Funds for Trumbull environmental officers cut off because of dissatisfaction
By Ed Runyan
WARREN
Police working the environmental beat in Trumbull and Geauga counties have had their funding cut off as a result of dissatisfaction with their performance.
But Maj. Harold Firster of the Trumbull County Sheriff’s Office says the decision doesn’t mean his office has quit answering the phone.
“We haven’t left them high and dry,” Firster said Thursday of the Trumbull County Health Department and others who rely on the environmental officer at the sheriff’s office. “The program has ceased, but we haven’t let it drop.”
The Geauga Trumbull Solid Waste District last month shut down its employment of the Trumbull and Geauga counties sheriff’s departments and Warren Police Department for environmental enforcement, eliminating the $39,000 annually paid to the Geauga County Sheriff’s Office, $67,000 to the Trumbull County Sheriff’s Office and $75,000 to the Warren Police Department.
Firster explained that the environmental officer for his department, deputy Harold Wix, has trained other deputies so they can handle such calls now. His department also has educated troopers with the Ohio State Highway Patrol so that they can better enforce laws regarding transport of used tires, he said.
Firster’s comments came at a meeting of the solid- waste district’s policy committee.
The money to pay for environmental enforcement came from solid-waste tipping fees collected at area landfills. Since 2007, one officer from each department has handled environmental issues such as open burning and dumping and stockpiling of junk cars and tires.
The solid-waste district and the departments have clashed over the years in trying to define officers’ responsibilities, especially in Warren, where a detective has been assigned environmental tasks while continuing to investigate other types of crimes.
Warren Police Capt. Rob Massucci said the conflict is that the $75,000 is not enough money to pay for an officer and his benefits so he can devote his entire work day to environmental issues. Instead, the detective answers environmental calls when he has time.
Massucci said he agrees with others who say an environmental officer should be “stationed” at the solid-waste district offices on Enterprise Drive and answer full time to the solid-waste district.
One of those who is dissatisfied is Geauga County Commissioner Skip Claypool, a recent addition to the district’s board of directors.
“I’m not seeing results. We need to fix the system, not pay more money,” Claypool said.

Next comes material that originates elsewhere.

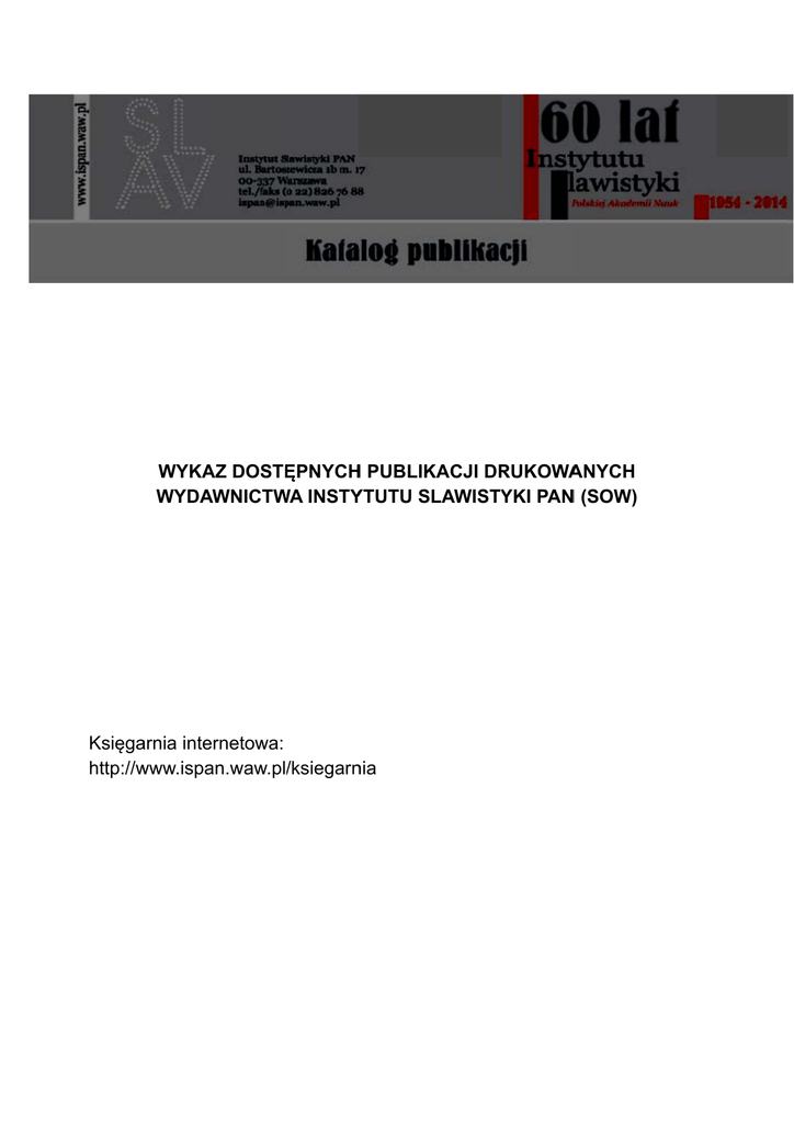 WYKA AZ DOSTĘ ĘPNYCH H PUBLIK KACJI DR RUKOWA ANYCH WYDAW WNICTW WA INSTY YTUTU SLAWISTY YKI PAN N (SOW) arnia interrnetowa: Księga http://w www.ispan.waw.pl//ksiegarn nia NOWOŚCI (opublikowane w latach 2014/2015 w kolejności ukazywania się) Atlas gwar wschodniosłowiańskich Białostocczyzny, Tom. I, red. St. Glinka, A. ObrębskaJabłońska i J. Siatkowski, (reedycja) 2014 M. Trawińska, Rękopis najstarszej poznańskiej księgi ziemskiej (1386-1400). Wokół analizy filologicznej, Warszawa-Poznań (wyd. Rys) 2014 H. Popowska-Taborska, Wczesne dzieje Słowian w świetle ich języka, wyd. 3, popr. i uzup., 2014 Konstrukcje i destrukcje tożsamości, t. 3: Narracja i pamięć, red. E. Golachowska i A. Zielińska, 2014 J. Roszak, Miejsce i imię. Niemieckojęzyczni poeci pochodzenia żydowskiego, 2014 I. Maryniakowa, D. K. Rembiszewska, J. Siatkowski, Różnojęzyczne słownictwo gwarowe Podlasia, Suwalszczyzny i północno-wschodniego Mazowsza, 2014 Studia Borysiana. Etymologica, diachronica, slavica. W 75. rocznicę urodzin profesora Wiesława Borysia, red. M. Jakubowicz i B. Raszewska-Żurek, 2014 R. Kaleta, Białorusko-polska homonimia międzyjęzykowa, 2014 J. Satoła-Staśkowiak, V. Koseska-Toszewa, przy współpracy L. Dimitrovej, Współczesny słownik bułgarsko-polski, zeszyt 1, 2014 R. Grzesik, Hungaria – Slavia – Europa Centralis. Studia z dziejów kultury środkowoeuropejskiej we wczesnym średniowieczu, (Kultura na Pograniczach 9) 2014 Andrzej Wędzki, Miechów w średniowieczu. Studia z dziejów miasta i klasztoru. Zagadka Jaksy, 2014 W krainie wielu tradycji. Badania etnograficzne na pograniczu polsko-litewsko-białoruskim w XX i początkach XXI wieku, red. K. Snarski i A. Żulpa, Warszawa-Suwałki (Muzeum Okręgowe w Suwałkach) 2014 D. Roszko, Zagadnienia kwantyfikacyjne i modalne w litewskiej gwarze puńskiej (na tle literackich języków polskiego i litewskiego), 2015 J. Roszak, Słyszysz? Synagoga. Wychodząc spod poznańskiej synagogi przy Wronieckiej, Lublin (Ośrodek „Brama Grodzka – Teatr N.N.”)-Warszawa 2015 L. A. Jankowiak, Synonimia w polskiej terminologii medycznej drugiej połowy XIX wieku (na podstawie „Słownika terminologii lekarskiej polskiej” z 1881 roku), (Prace Slawistyczne „Slavica” 138) 2015 J. Satoła-Staśkowiak, Najmłodsza leksyka polska i bułgarska, 2015 PERIODYKI (Od 2014 roku dostępne wyłącznie w wersji elektronicznej na Platformie Czasopism IS PAN (ISS PAS Journals http://ispan.waw.pl/journals) w tzw. otwartym dostępie Acta Baltico-Slavica t. 21, 1994; t. 22, 1996; t. 23, 1997; t. 24, 1999; t. 25, 2000; t. 27, 2003; t. 28, 2004; t. 29, 2005; t. 30, 2006; t. 31, 2007; t. 32, 2008; t. 33, 2009; t. 34, 2010; t. 35, 2011; t. 36, 2012; t. 37, 2013. Cognitive Studies | Études cognitives t. 2, 1997; t. 3, 1999; t. 4, 2001; t. 5, 2003; t. 6, 2004; t. 7, 2006; t. 8, 2007; t. 9, 2009; t. 10, 2010; t. 11, 2011; t. 12, 2012; t. 13, 2013. Colloquia Humanistica t. 1, 2012; t. 2, 2013. Slavia Meridionalis t. 1, 1994; t. 2, 1999; t. 3, 2000; t. 4, 2004; t. 5, 2005; t. 6, 2006; t. 7, 2007; t. 8, 2008; t. 9, 2009; t. 10, 2010; t. 11, 2011; t. 12, 2012; t. 13, 2013. Sprawy Narodowościowe. Seria Nowa t. 16-17, 2000; t. 18, 2001; t. 20 i 21, 2002; t. 22 i 23, 2003; t. 24-25, 2004; t. 26 i 27, 2005; t. 28 i 29, 2006; t. 30 i 31, 2007; t. 32 i 33, 2008; t. 34 i 35, 2009; t. 36 i 37, 2010; t. 39, 2011; t. 40 i 41, 2012; t. 42 i 43, 2013. Studia Litteraria Polono-Slavica t. 1, 1993; t. 3, 1999; t. 4, 1999; t. 5, 2000; t. 7, 2002; t. 8, 2008. Studia z Filologii Polskiej i Słowiańskiej t. 31, 1993; t. 32, 1995; t. 34, 1998; t. 35, 1999; t. 36, 2000; t. 38, 2003; t. 39, 2004; t. 40, 2005; t. 41, 2006; t. 42, 2007; t. 43, 2008; t. 44, 2009; t. 45, 2010; t. 46, 2011; t. 47, 2012, t. 48, 2013. SERIE WYDAWNICZE Język na Pograniczach Słowiańskie pogranicza językowe, red. K. Handke, (1) 1992 Studies in the Phonetic Typology of the Slavic Languages, red. i. Sawicka, a. Holvoet, (2) 1991 E. Rzetelska-Feleszko, J. Duma, Dawne słowiańskie nazwy miejscowe Pomorza Szczecińskiego, (3) 1991 Studia z dialektologii polskiej i słowiańskiej, red. W. Boryś, W. Sędzik, (4) 1992 R. Roszko, Wykładniki modalności imperceptywnej w języku polskim i litewskim, (7) 1993 E. Wolnicz-Pawłowska, Antroponimia łemkowska na tle polskim i słowackim (XVI–XIX wiek), (9) 1993 E. Kędelska, Studia nad łacińsko-polską leksykografią drugiej połowy XVI wieku, (12) 1995 K. Handke, Polski język familijny, (13) 1995 Z historii języków łużyckich, red. H. Faßke i E. Wrocławska, (18) 1996 Obraz językowy słowiańskiego Pomorza i Łużyc. Pogranicza i kontakty językowe, red. J. Zieniukowa, (19) 1997 L. A. Jankowiak, Prasłowiańskie dziedzictwo leksykalne we współczesnej polszczyźnie ogólnej, (20) 1997 I. Grek-Pabisowa, Współczesne gwary polskie na Litwie i Białorusi. Fonetyka, (23) 2002 R. Roszko, Semantyczna kategoria określoności/nieokreśloności w języku litewskim, (25) 2004 L. A. Jankowiak, Słownictwo medyczne Stefana Falimirza. Studium początków polskiej renesansowej terminologii medycznej, t. 1, (27) 2005 D. Roszko, Funkcjonalne odpowiedniki litewskiego perfectum w litewskiej gwarze puńskiej i w języku polskim, (29) 2006 D. Rembiszewska, Dynamika rozwoju gwary Knyszyna i okolic na Podlasiu w XX wieku, (30) 2006 L. A. Jankowiak, Słownictwo medyczne Stefana Falimirza. Studium początków polskiej renesansowej terminologii medycznej, t. 2, Słownik, (31) 2006 K. Pastusiak, Pogranicze polsko-białorusko-ukraińskie w świetle danych językowych i etnograficznych na podstawie nazw roślin, (32) 2007 I. Grek-Pabisowa, M. Ostrówka, B. Biesiadowska-Magdziarz, Język polski na Białorusi Radzieckiej w okresie międzywojennym. Polszczyzna mówiona, (33) 2008 E. Rzetelska-Feleszko, J. Duma, Nazwy terenowe Pomorza Zachodniego zawierające elementy słowiańskie, t. 1: A–O, (34) 2008 I. Grek-Pabisowa, M. Ostrówka, B. Biesiadowska-Magdziarz

Bob Villers, the district’s executive director, said he’s been “told point-blank littering is not going to be enforced” because the environmental officer also has drugs and murders to deal with. “Environmental issues are not a priority with law-enforcement officers,” Villers said, adding that environmental issues also are not a high priority with many judges.
Claypool suggested that a lack of documentation of how environmental officers spend their time is an indication that they may not be needed.
However, others on the committee disagreed.
Frank Migliozzi, Trumbull County health commissioner, said it’s difficult to document the value of having a deputy accompany personnel from the county health department when they investigate nuisance allegations and issue violation notices.
It’s possible that such assistance has saved the life of one of his nuisance-abatement personnel, he said.
Massucci said his environmental officer generally achieves compliance when he makes a visit to someone guilty of dumping or littering. Those visits are documented on police “call logs,” but they generally don’t require that a citation be written.
The policy committee will meet again later this month in hopes of fixing the program.